Je sens aussi que la fille se fait plus lourde sur mon dos. A son
poids s'ajoute une partie de celui de l'homme qui l'encule. Elle
lâche un petit cri quand il se loge complètement au
fond de ses fesses. Je me souviens alors du bonheur que j'ai ressenti
quelques minutes pus tôt, alors qu'il me sodomisait et j'avoue
que je me sens un peu envieuse. Heureusement qu'elle me fait du
bien en me limant la chatte. A chaque fois que le ventre du gars
tape contre son cul, j'en ressens les soubresauts par ricochet,
jusqu'au plus profond de mon être.
Je suis alertée quand une main vient retirer de mon vagin
le godemichet qui le remplit si bien. La chienne se recule un instant
mais je n'ai pas le temps de réagir. L'effet de surprise
est tel que je reste sans voix, lâchant juste une petite plainte
de dépit.

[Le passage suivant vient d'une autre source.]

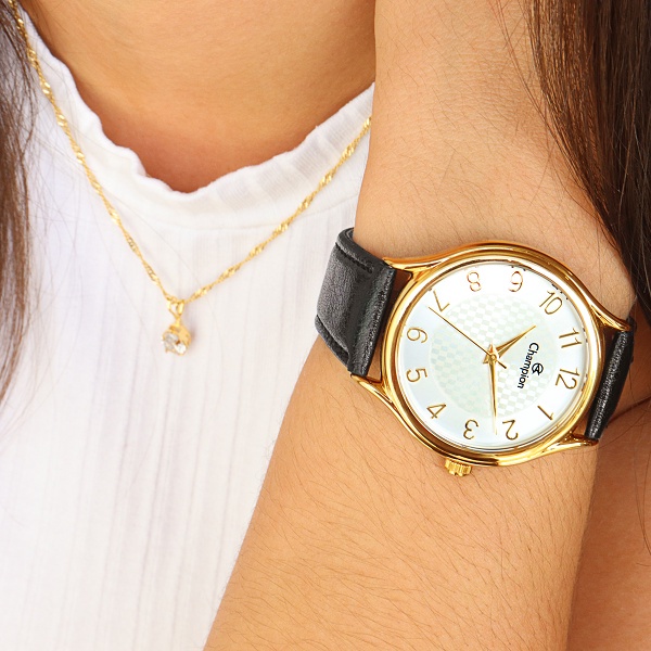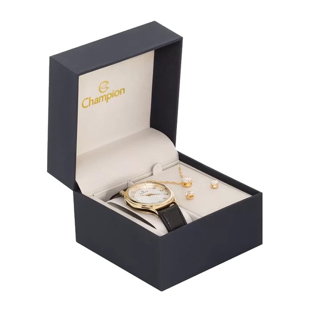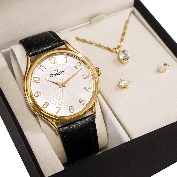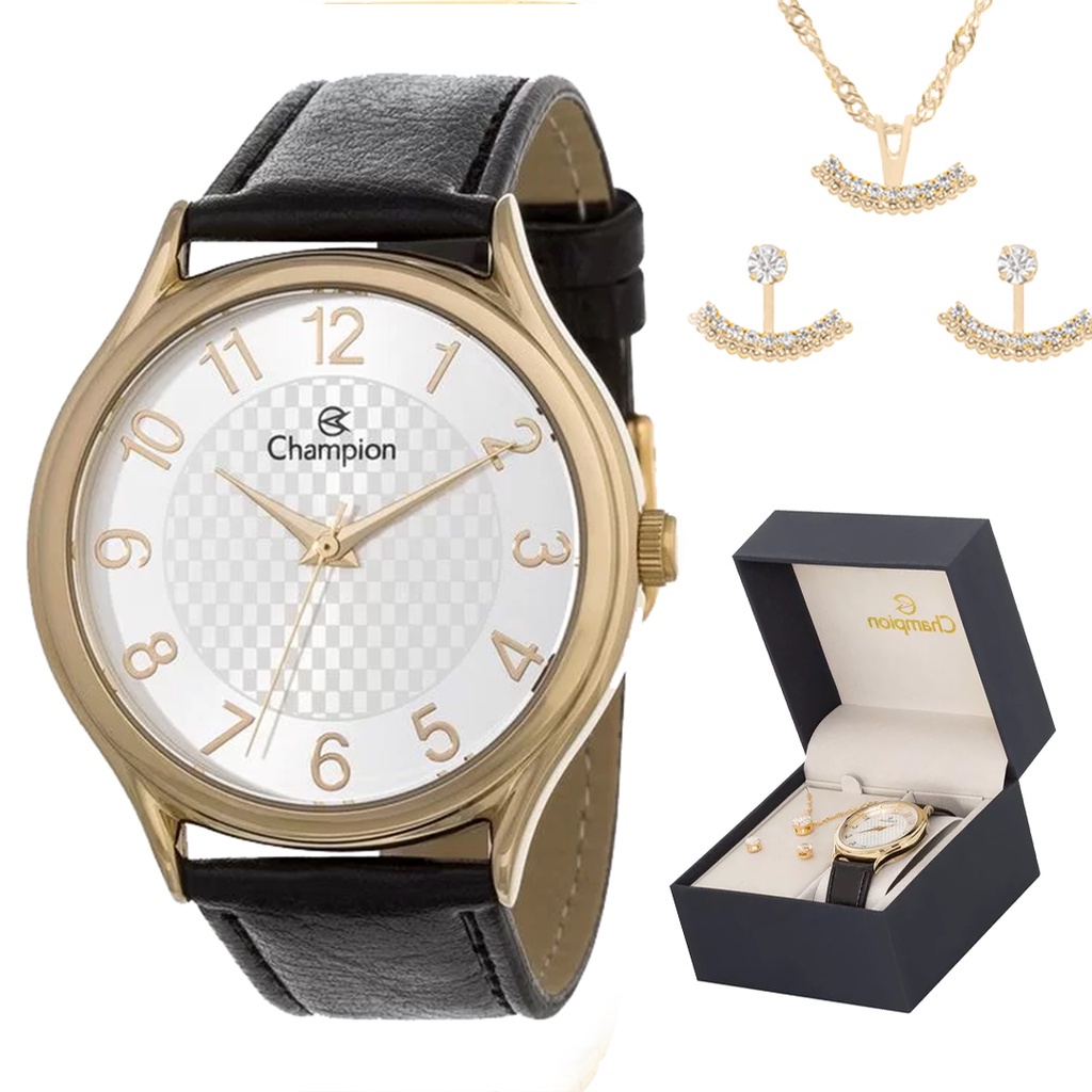 Relógio Champion Feminino Analógico Dourado Couro + Kit Colar e Brincos Original À Prova D'Água Mulher Barato CH22706W

Cela ne dure guère. Déjà,
le nud de plastique se promène dans la raie de mon
derrière et vient débusquer mon oeillet encore souple
d'avoir été longuement travaillé par la langue
et les doigts de la fille. La tête de la queue passe sur mon
trou, tourne un peu, avant de s'y enfoncer brusquement. Me voila
à nouveau enculée !
- Une chienne montée par son chien. Oh oui, ce qu'ils sont
excitants mes deux toutous ! Et moi je baise le cul de ce clébard
! Tiens, prends-ça et fourre-lui dans la chatte ! Mets-le
bien à fond dans son trou !
Il a parlé à la fille. Je me tourne comme je peux
et je vois qu'il lui donne un autre gode, encore plus gros que celui
qui ceint sa taille. Il est tout rose mais le plus surprenant, ce
sont les petites pointes qui couvrent toute la surface du gland.

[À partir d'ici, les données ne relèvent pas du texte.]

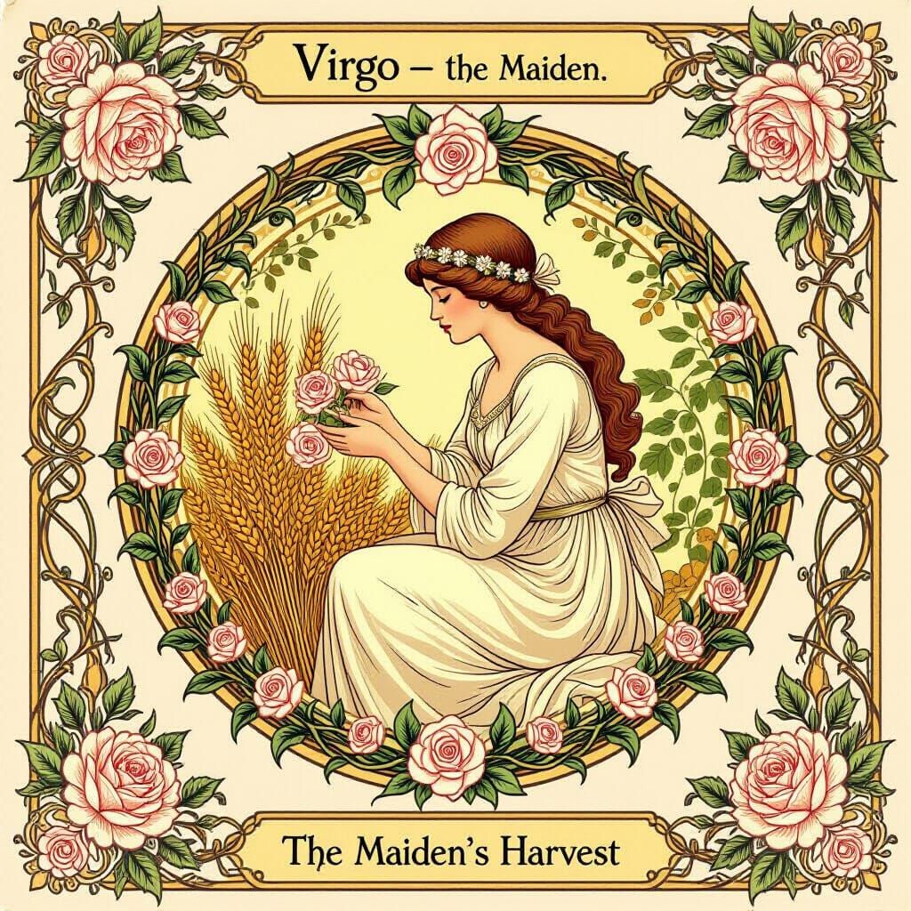 This image depicts a romantic tarot card for Virgo, featuring a maiden gathering roses and wheat. Rendered in an Art Nouveau style with intricate linework and golden highlights.

Des sortes de petits picots semi-souples de quelques millimètres
de diamètre et d'un bon centimètre de long. Je n'ai
encore jamais vu un jouet sexuel de ce type. La chienne s'en saisit
prestement et je le vois qui disparaît sous mon ventre. Elle
le passe d'abord sur mon pubis. Les pointes me raclent l'épiderme
puis les lèvres du sexe. Elle le glisse dan ma fente, elle
pousse, il m'ouvre ! Oui, ça y est, il est dans moi. La salope
me racle les parois vaginales avec le manche. Elle me lime mais
surtout, elle me baratte le con.
- Fourre-la, démonte-lui la chatte !
Il n'a pas besoin de l'encourager. Elle me récure la minette
comme elle nettoierait un fond de cuvette avec une brosse à
chiotte. Je me sens si vulnérable. En même temps, elle
n'arrête pas de me labourer le cul. Je commence à gueuler,
ça devient trop fort pour moi. Nous crions toutes les deux
et l'homme qui nous soumet se laisse aussi aller. Il halète,
il ahane à chaque nouveau coup de pine qu'il nous donne.

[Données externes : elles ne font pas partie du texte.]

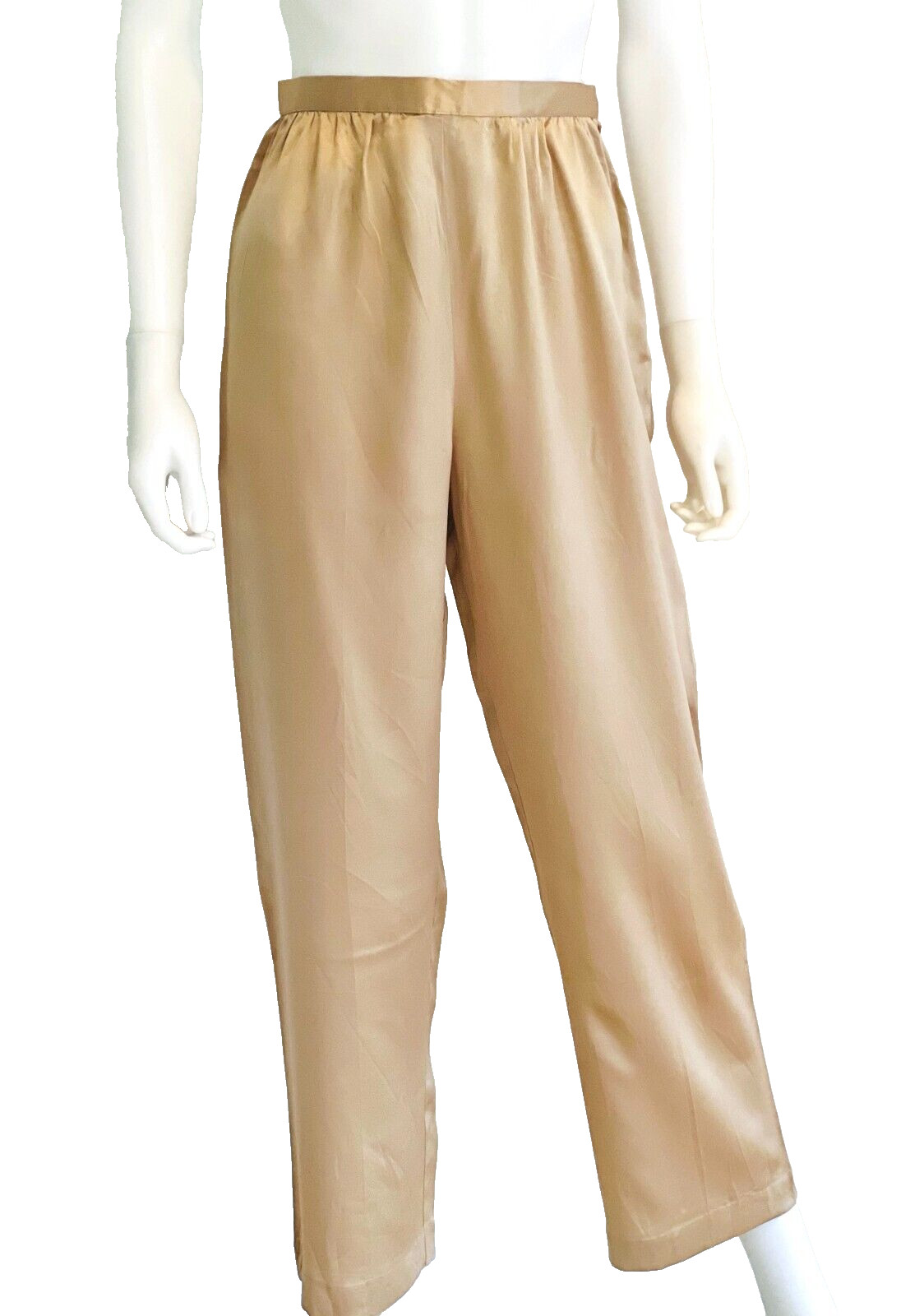 Vtg C1970s Designer Albert Capraro Gold Shimmering Satin Silk Pants Slacks, 6
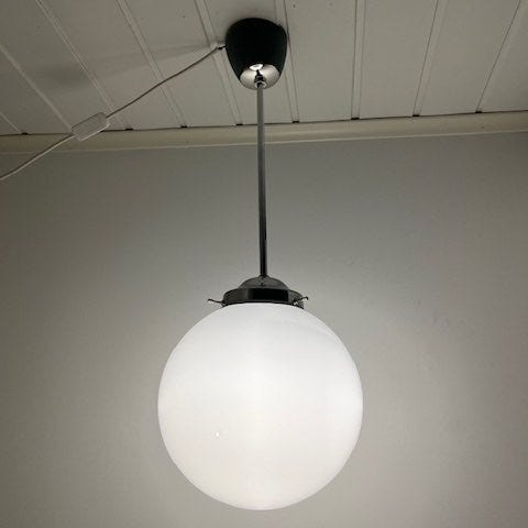 Myydään uusi, käyttämätön Riippuvalaisin , jossa kromattu runko ja kupu aitoa lasia , pidin e27 , johto kangaspäällysteinen , pituus max. 125cm , kuvun korkeus 23cm ja halk. 22cm
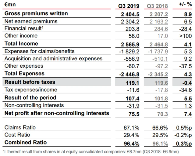 Za samotné třetí čtvrtletí VIG vykázala hrubé předepsané pojistné 2,40 miliardy eur (meziročně +8,9 %), zisk před zdaněním 119,1 milionu eur (meziročně -0,4 %) a čistý zisk 75,5 milionu eur (meziročně +7,4 %). Kombinovaný poměr se meziročně zvýšil o 0,3 procentního bodu na 96,4 %.
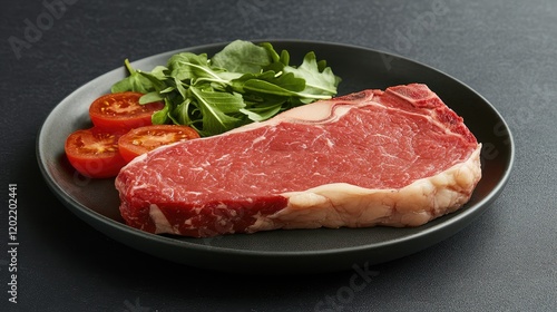 Raw ribeye steak on a black plate with arugula leaves and sliced cherry tomatoes Copy Space

Je vais jouir, je vais exploser ! Ça y est, ça vient,
ça vient fort ! Oh, ah, ouiiiiii, je pars ! Mes genoux me
lâchent, je m'écroule au sol, entraînant avec
moi mes deux partenaires. Je vis déjà les dernières
vagues du plaisir quand l'homme se vide enfin dans le cul de sa
soumise. Les corps qui sont sur mon dos s'agitent convulsivement
et je sens les deux queues rivées en moi qui tressautent
au rythme du bonheur de la chienne qui vient de me prendre.